НОВАЯ, СЕМЕЙНАЯ ЖИЗНЬ.

   Нашлось два места, и оба получили желанные направления в Минск:
   Виталий на одно из крупнейших предприятий: Минский камвольный комбинат, на должность инженера-конструктора. Нина на маленькую фабрику женского белья, на такую же должность.
   Приехав в Минск, большой, чужой город, мы так же, как и Нина чувствовали себя одиноко и довольно часто встречались с ней.
   Нина жила в женском рабочем общежитии.
   До этого мне приходилось бывать только в студенческих общежитиях, где жили молодые, полные надежд девушки, которые бегали на свидания, учились, имели друзей и подруг и были уверены, что всё самое лучшее впереди.

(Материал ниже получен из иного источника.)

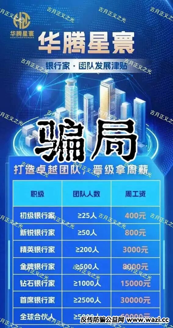 指出真相的人,会变成傻子和骗子的共同敌人,大家好,我是古月,“华腾星寰”的项目网站内容经不起查询,小编就以官网上标注的团队成员进行甄别,这种一看就是直接p图的,打着境外机构用诈骗APP来吸引内地投资人入局,USDT充值的,可以直接判断全部都是骗局。这个骗局一个是项目充值APP,一个是内部聊天软件,是目前灰产盘为了躲避国内社交工具封杀的方式,很多混迹盘圈的看到了都知道,模式团队发展按人数分职级,如团队长前五代激活≥5000人周薪60000元;团队激活达30000人奖价值200万商品房;客户拓展多层收益,充值除了银行卡还有USDT,一看就是杀猪盘,马上崩盘跑路那种...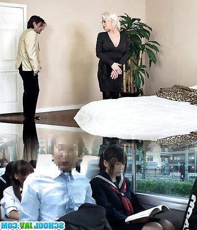 Towheaded tutor Bridgette B provides her colleague with titjob and blowjob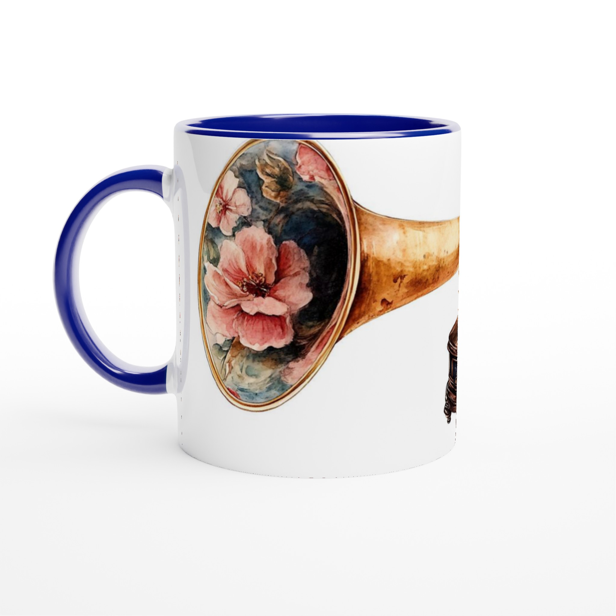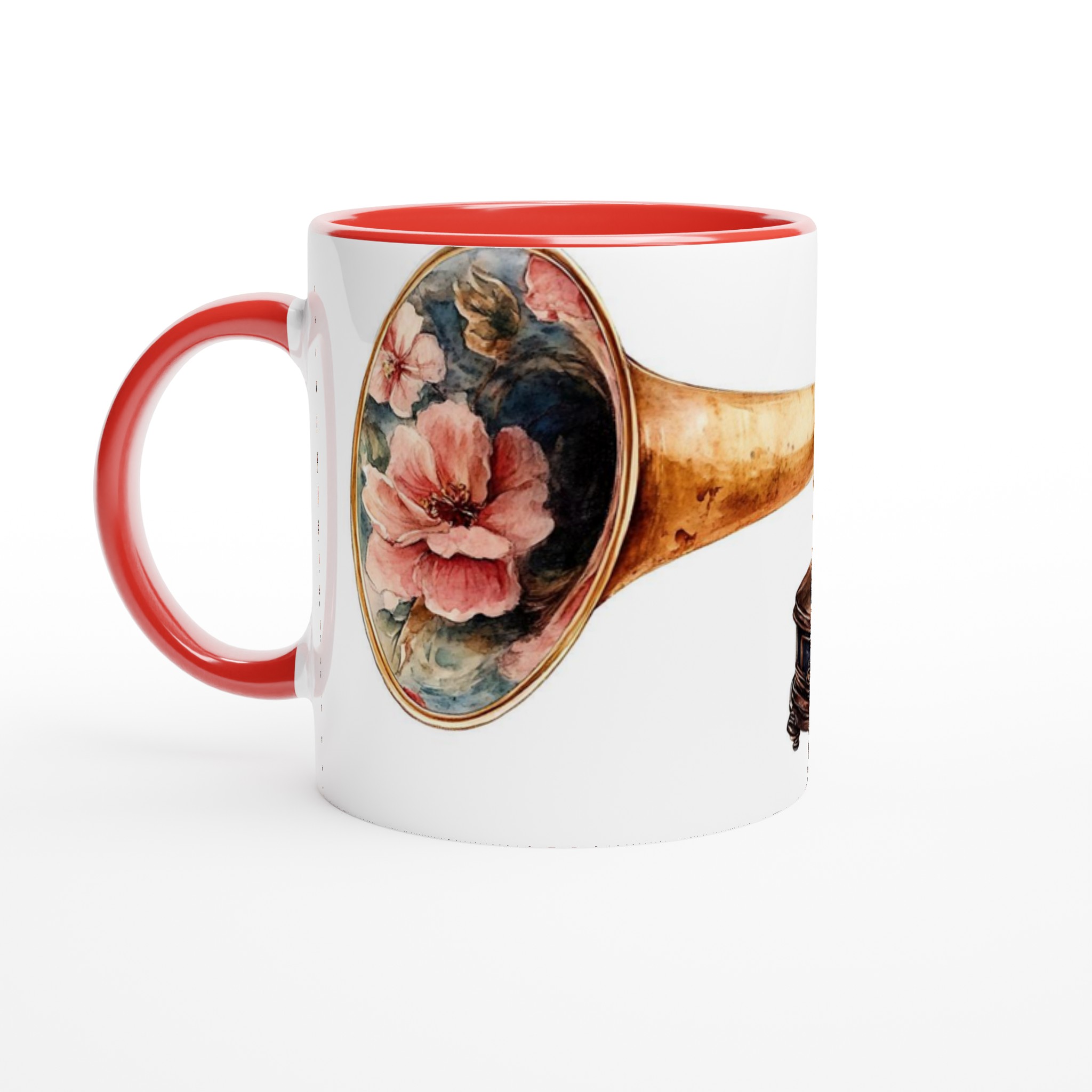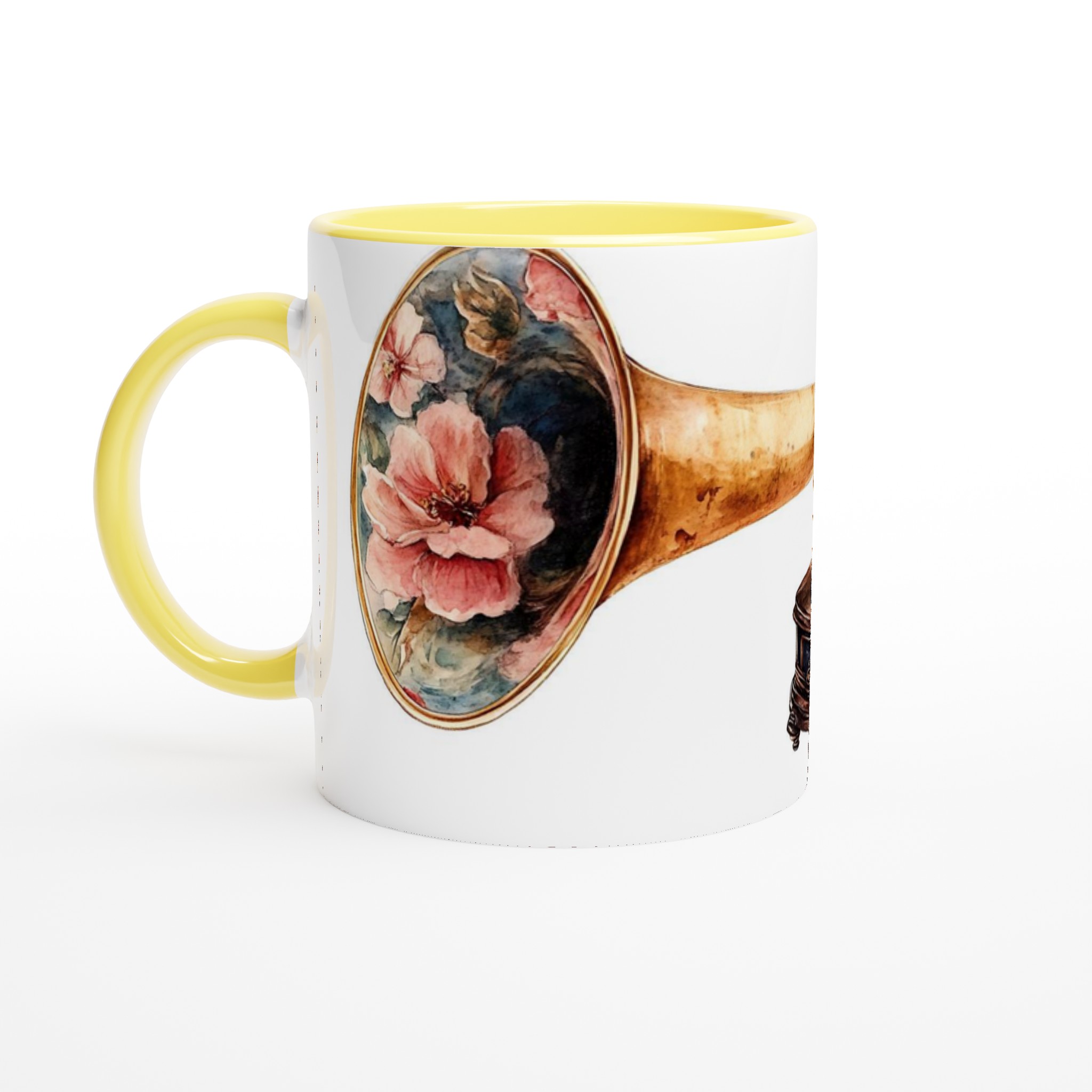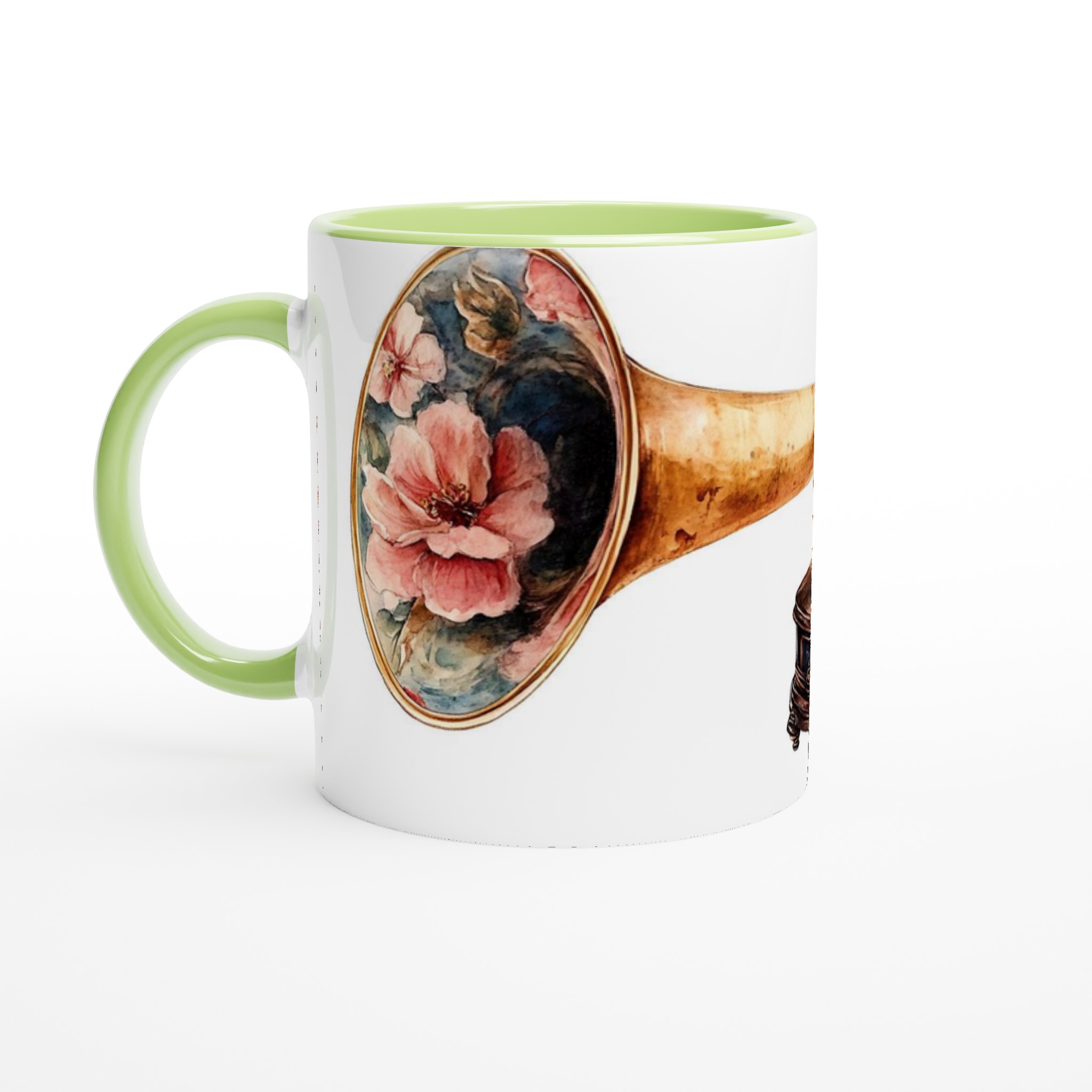 Låt dig förtrollas av en tidlös charm varje gång du tar en klunk. Denna stilrena keramiska mugg, prydd med en utsökt akvarell av en vintage grammofon med blommiga detaljer, blir snabbt en vardagsfavorit. Perfekt för morgonkaffet, kvällens varma choklad eller när du bara vill njuta av en kopp te medan du drömmer dig bort till svunna tider och ljuv musik.

   Костёр их жизни пылал ярким пламенем!
   В рабочих женских общежитиях в основном жили неудачницы, а в мужских — алкоголики.
   Обитательницы женских рабочих общежитий наполовину состояли из некрасивых, озлобленных недалёких увядающих или увядших старых дев. Не в том смысле, что они девственницы, а в том, что они не обзавелись семьёй.
   В цивилизованном мире свободная женщина — это обычное явление.
   В Советском Союзе — это большой порок.
   Первый вопрос при встрече неизменно был: «Ну, что слышно, замуж не вышла?»
   В костёр жизни одиночек из женских рабочих общежитий попадает так мало впечатлений и радостных событий, что он тлеет вонючим едким дымом, который ест глаза и никого не согревает.
   Иногда в таком общежитии живут развесёлые девицы, которым терять нечего.
   У них часто гостят алкоголики из соседнего мужского общежития. Любовь состоит из пьянок, драк, шума и застольных песен до полуночи. Поэтому несчастным старым девам покоя нет.
   Не малую роль играли вахтёрши, сидящие у входа. Где их только подбирали!
   Это настоящие драконы в юбках, к тому же со змеиными языками профессиональных сплетниц.
   При таких блюстительницах нравственности, даже красавицы могут умереть старыми девственницами. После одиннадцати наступал мёртвый сезон: нельзя ни туда ни обратно!
   Перед такой «тётей Дусей» бедные девушки гнулись в три погибели и баловали большими и мелкими взятками, стыдливо называя их подарками.
   Общежитие, где жила Нина, принадлежало мелкой фабрике, и было особо убогим, безрадостным, исключительно женским и не оборудованным для процветания.
   В комнатах со спартанскими коечками и примитивнишими тумбочками гнездилось по 5-6 человек с разными навечно устоявшимися характерами.
   Общими у них были только тоска, одиночество и жалкое серое прозябание.
   Каждая относилась к такой жизни по-разному.
   Нередко, вынужденные годами жить рядом они становились врагами и отравляли друг другу жизнь.
   Нина, однако, не отчаивалась. Проработав неделю, она уезжала на выходные к родным в свою деревню.
   Но, тем не менее, каждое наше посещение было для нас троих маленьким праздником, особенно для Нины, так как скрашивало одиночество и заполняло свободное время.
   Иногда она навещала нас. Периодически мы «перехватывали» у Нины до следующей «получки» 15-20 рублей, так как она на свою зарплату в 80 рублей жила одна, а мы на такую же зарплату Виталия перебивались вдвоём.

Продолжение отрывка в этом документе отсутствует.